Kick-starting a dormant media IPO market, Las Vegas-based Citadel Broadcasting announced plans Thursday to raise up to $300 million in an offering to expand its radio holdings.
The U.S.’ sixth largest U.S. radio station group will offer 17 million shares, initially priced at $18 each. No date has been set for the listing, but Citadel is clearly trying to exploit the high trading multiples of TV and radio station groups as the FCC mulls relaxing ownership rules. Investors are optimistic about Citadel’s chances, despite the recent slowdown in radio advertising spending.
Citadel owns and operates 143 FM and 63 AM radio stations in 42 markets in 24 states.

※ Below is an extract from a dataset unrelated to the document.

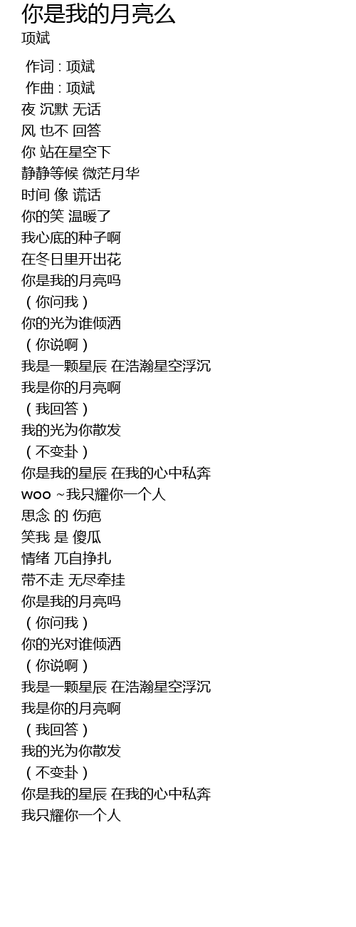 | [01:37.711] | wǒ shì nǐ de yuè liàng a |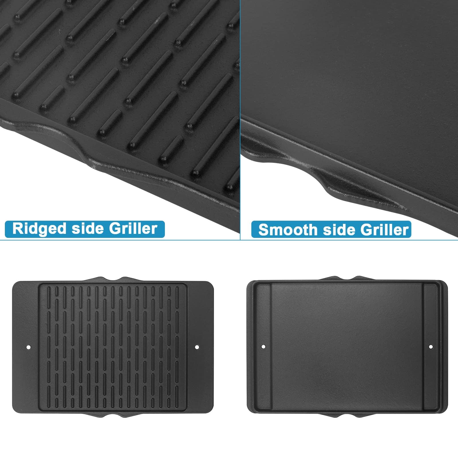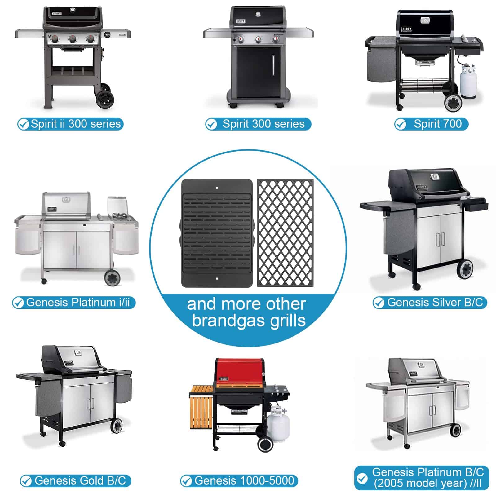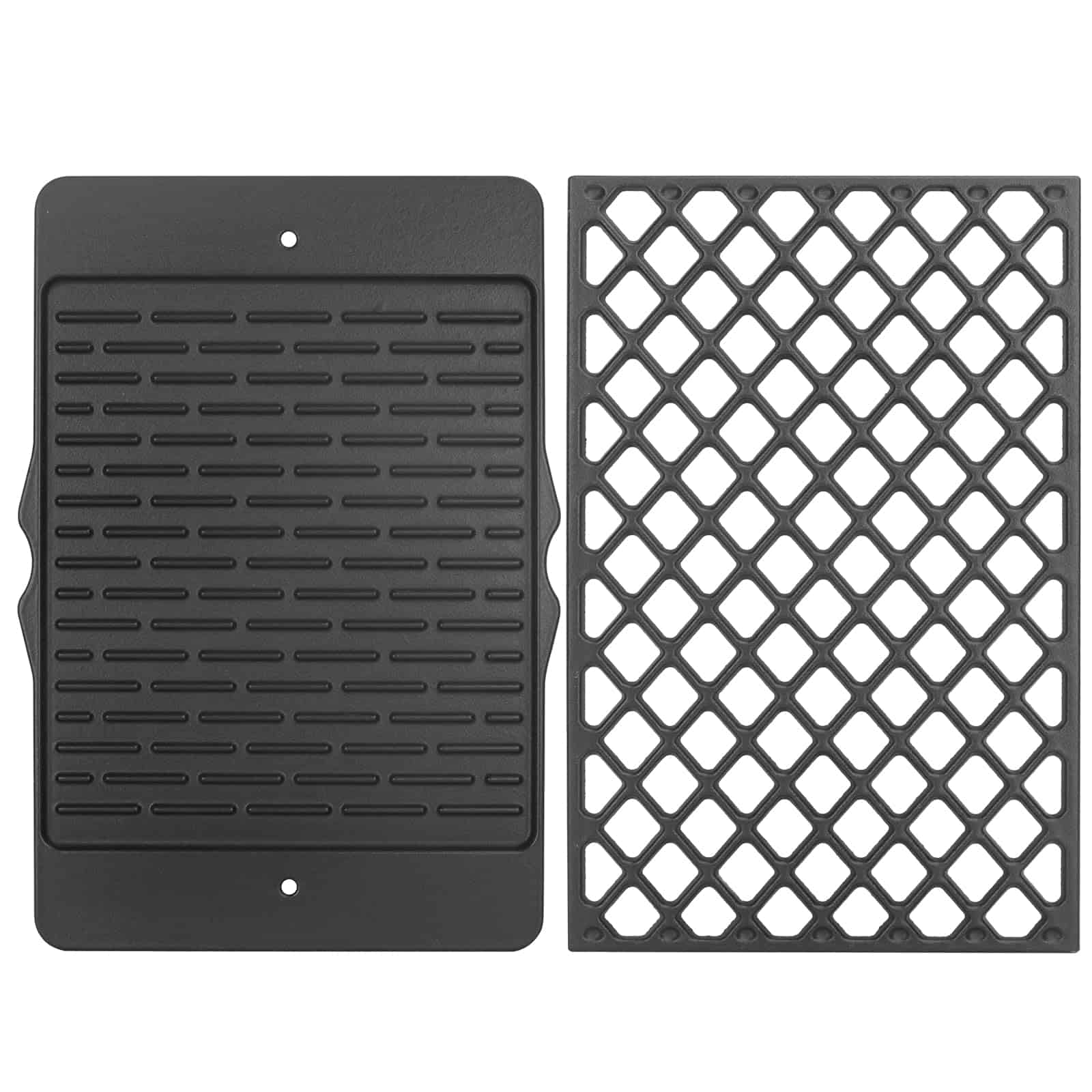 Parrilla de hierro fundido duradero recubierta de esmalte para evitar la oxidación y durar más. Una parrilla de hierro fundido de doble cara te permite hacer panqueques, huevos y tocino en el lado liso, y pescado delicado y verduras en el lado texturizado. Ambos lados distribuyen el calor de manera más uniforme, se calientan más rápido y retienen el calor por más tiempo. Paquete incluye 1 parrilla de hierro fundido esmaltada mate de doble cara y 1 parrilla de parrilla. Dimensiones: 17.5 x 12 x 0.62 pulgadas cada una. Compatible con las parrillas Weber Spirit 300 y Spirit II 300 Series, así como con los modelos Weber Genesis Silver, Gold, Platinum, Broil King y Broil-Mate. Perfecto como repuesto para varios modelos de parrillas Weber.

Company generated broadcast revenues of around $349 million last year.
In its SEC prospectus filing, the company said it wants to build radio station clusters in existing and new markets. It may have its eye on rival radio group Cumulus, with which it already has some overlapping assets, as a possible acquisition target.
Ten-year-old Citadel, which was acquired by LBO firm Forstmann Little & Co. in 2001 for $2 billion, is headed by respected broadcast veteran Farid Suleman, formerly CEO of Viacom-owned Infinity Broadcasting and a long time ally of Viacom chief operating officer Mel Karmazin.
In the last year, Citadel has invested in new programming and sales operations while reducing costs in anticipation of strategic acquisitions.